The Company has adopted the Principles of Corporate Governance, as determined by the existing Greek legislation and the international practices. Corporate Governance, as a set of rules, principles and control mechanisms, in which the company’s operation and management are based on, aims at transparency to the investment community, as well as ensuring the interests of the investors and of any person involved in its operation.The Company has adopted the Greek Corporate Governance Code (hereinafter "Code") which replaces the Corporate Governance Code of Hellenic Federation of Enterprises (SEV) for Listed Companies (March 2011). This Code is posted at the following electronic address:
With respect to the specific Practices of the Code that are identical to the Legislation that has been abolished or amended (see Law 3693/ 2008), the Company adopts and applies the provisions of the applicable Greek Legislation.
The Company might proceed to amendments to the Code and Corporate Governance Principles it applies, directly informing the investors at its website http://corporate.e-jumbo.gr/.
2) Deviation from the Corporate Governance Code
The Company states that it fully complies with the provisions of the relevant Greek legislation, rules and regulations and internal corporate values for the development of corporate governance principles it applies and has adapted to those defined by the existing institutional framework of corporate governance.
The Company does not adopt some specific practices of the Code that are specifically mentioned below:
PART Α – THE BOARD OF DIRECTORS AND ITS MEMBERS
Role and responsibilities of the Board of Directors
The Board of Directors is elected by the General Meeting for two years term, which can be automatically extended until the convocation of the first Ordinary General Meeting after the expiry of their term of office, not exceeding three years. Before the General Meeting and before putting to the vote, the curricula vitae of the applicants are made available to the shareholders. Moreover, upon selection of the BoD members, criteria such as their career and its relevance to the Company's operations as well as the level of business, legal and financial knowledge are taken into account.
The above-mentioned Company practices constitute the framework and measures adopted by the Company to minimise any additional risks that could arise from non-compliance with the Special Practice A.1.2.a of the Greek Corporate Governance Code.
The Company has not adopted a policy of diversity, including the balance of the gender for board members (Special practice A.2.8). However the code of ethics and business conduct of JUMBO, which is posted on the company's website http://corporate.e-jumbo.gr/ states that JUMBO’s policy is to operate under fair and legal processes of the human resource management, without distinction according to age, race, gender, color, national origin, religion, health, sexual orientation, political or ideological views, or other characteristics of employees, protected by laws and regulations. Employees are required to comply with all laws and regulations and perform their work in the light of this principle of non-discrimination. The objective of the company is the fair and equitable treatment of all employees, and their improvement and development.

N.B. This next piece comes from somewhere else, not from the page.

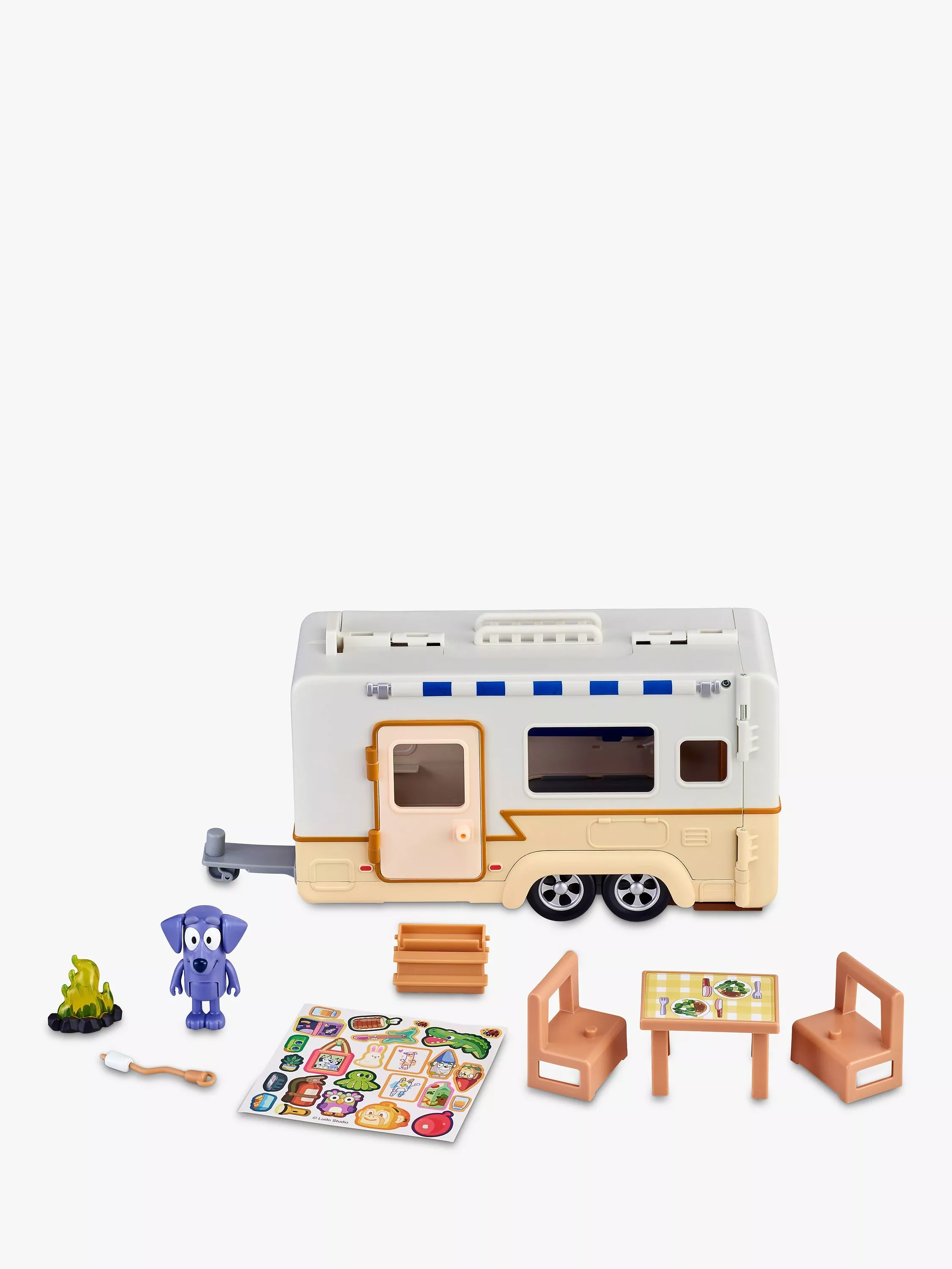 Bluey's Caravan Adventures Playset is loaded with features and things to do as you take a fun caravan holiday and can be customised with the stickers supplied.
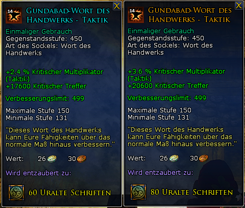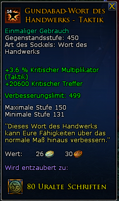 Die herstellbaren "Wort des Handwerks"-Muster sind zwar einmalig (d.h. du kannst in deinen beiden ausgerüsteten legendären Gegenständen

The proportion of each gender and age of the members of the Board of Directors and of the management team is the following.
|Board of Directors||Number of People||%|
The age range of the members of the Board of Directors is from 33 to 77 years old.
|Management Team||Number of people||%|
The age range of the management team is from 33 to 63 years old.
Role and profile of the chairman of the Board of Directors
The Board of Directors does not appoint an independent Chairman and Vice-chairman from among its independent board members, but an executive member, since substantial daily assistance of vice-chairman to the Chairman of the Board of Directors in the exercise of his executive duties is assessed as an issue of overriding importance. (Special practices Α.3.3. and Special practices Α.3.4a.)
Nomination of BoD members
Functioning of the Board of Directors
There are no established induction programs for new Board members, nor continuing professional development programs available to other Board members, since the candidates nominated as Board of Directors members are persons with substantial knowledge and abilities as well as high level of organizational – managerial skills. (Special practices Α.6.5).
There is no particular provision for supply of sufficient resources to the Board of Directors Committees to facilitate them undertake their duties and engage external professional consultants, since the resources in question are approved on case basis by the Company Management, based on effective needs of the company. (Special practices Α.6.9).
The non-executive Board members do not convene periodically without the presence of executive members in order to evaluate the latter’s performance and discuss their remuneration. As mentioned above in relation to deviation from Special practices A1.2.a and Α.7.1, the Company follows practices that set the adopted framework in order to minimize any additional risks that might arise from non-compliance with the Special practices A.7.2. of the Greek Corporate Governance Code.